We continue to characterize the molecular and cellular architecture of primary human healthy and pathological tissues with spatial and temporal specificity. These data offer a framework for understanding the connections between candidate genes and diseases. They also act as a reference point for assessing in vitro models and investigating the biological mechanisms behind the clinical, molecular, and cellular characteristics of neurodevelopmental disorders.

Neurovascular regulation in neurodevelopmental disorders

Developmental brain anomalies are often assumed to be due to direct effects on neurons. However, we have identified mutations in genes with critical functions in the neurovascular unit in pediatric patients with neurological disease.
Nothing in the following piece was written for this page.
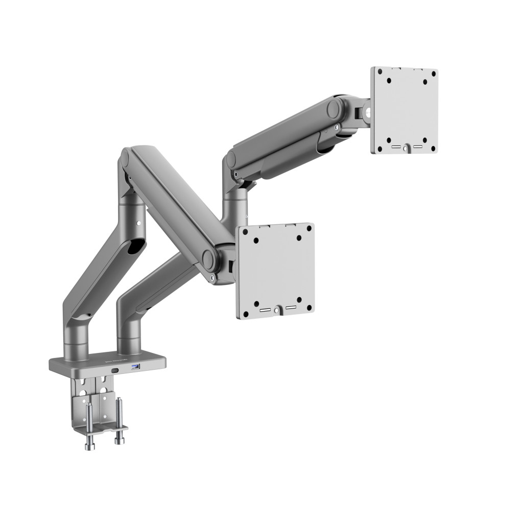 Termékleírás – JAKE fém dupla monitorállvány, szürke

Our exome sequencing analysis of patients with structural cerebellar abnormalities found that cerebellar malformations are features of rare, single gene neurodevelopmental disorders, confirmed a major contribution for non-genetic prenatal risk factors in their etiology, and found that the expression of cerebellar malformation genes is concentrated in limited cell types of the developing human cerebellum, including neuronal progenitors and endothelial cells.


We are using high-content imaging to visualize the microvascular network in primary tissue and introducing patient-derived variants into iPSCs to investigate the differential contributions of rare gene variants to neuronal and vascular development of the cerebellum.​​


Preclinical development for precision therapeutics of developmental brain disorders


Microtubule-associated serine/threonine kinases (MAST) are large enzymes that share a domain of unknown function (DUF1908), a serine-threonine kinase (STK) domain, and a postsynaptic density protein-95/discs large/zona occludens-1 domain (PDZ). Several of the MAST family members are newly recognized as developmental brain disorder genes, but little is known about these genes’ properties and functions.


Our research focuses on deciphering the role of MAST4 in brain development, the impact of MAST4 mutations to the developing brain, defining the MAST4 interactome, and model development for preclinical research.